After an alcoholic beverage is consumed, the concentration of alcohol in the bloodstream (blood alcohol concentration, or BAC) surges as the alcohol is absorbed, followed by a gradual decline as the alcohol is metabolized. The function

\(C\left( t \right) = {\bf{0}}{\bf{.135}}t{e^{ - {\bf{2}}{\bf{.802}}t}}\)

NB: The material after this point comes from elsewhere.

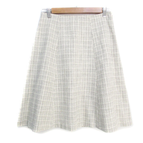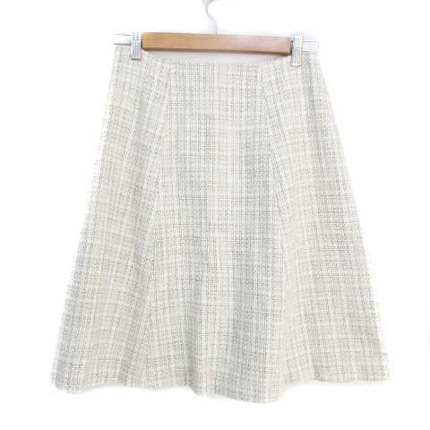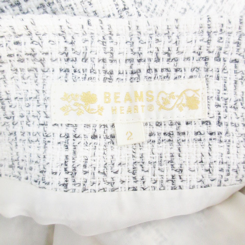 ビームスハート BEAMS HEART ツイードスカート フレアスカート ひざ丈 2 白 黒 ホワイト ブラック /FF48 レディース

models the average BAC, measured in g/dL, of a group of eight male subjects t hours after rapid consumption of 15 mL of ethanol (corresponding to one alcoholic drink). What is the maximum average BAC during the first 3 hours? When does it occur?

Short answer

The maximum average BAC is 0.0177 g/dL, and it will occur at \(t = 0.36\;{\rm{h}}\) or 21.4 min.

Step-by-step solution

Differentiate the equation of \(C\left( t \right)\)

Differentiate the equation \(C\left( t \right) = 0.135t{e^{ - 2.802t}}\) with respect to t.

\(\begin{aligned}{c}C'\left( t \right) &= \frac{{\rm{d}}}{{{\rm{d}}t}}\left( {0.135t{e^{ - 2.802t}}} \right)\\ &= 0.135\left( {t{e^{ - 2.802t}}\left( {2.802} \right) + {e^{ - 2.802t}}\left( 1 \right)} \right)\\ &= 0.135{e^{ - 2.802t}}\left( {2.802t + 1} \right)\end{aligned}\)

Find the root of the equation \(C'\left( t \right) = 0\).

\(\begin{aligned}{c}0.135{e^{ - 2.802t}}\left( {2.802t + 1} \right) &= 0\\t &= - \frac{1}{{2.802}}\\ &= 0.36\end{aligned}\)

Find the value of \(C\left( t \right)\) at critical points

The value of \(C\left( t \right)\) at \(t = 0\);

\(\begin{aligned}{c}C\left( 0 \right) &= 0.135\left( 0 \right){e^{ - 0}}\\ &= 0\end{aligned}\)

At \(t = 0.36\),

\(\begin{aligned}{c}C\left( {0.36} \right) &= 0.135\left( {0.36} \right){e^{ - 2.802\left( {0.36} \right)}}\\ &\approx 0.0177\end{aligned}\)

At \(t = 3\),

\(\begin{aligned}{c}C\left( 3 \right) &= 0.135\left( 3 \right){e^{ - 2.802\left( 3 \right)}}\\ &\approx 0.00009\end{aligned}\)

Thus, the maximum average BAC during the first three hours is about 0.0177 g/dL and it will occur at \(t = 0.36\;{\rm{h}}\) or 21.4 min.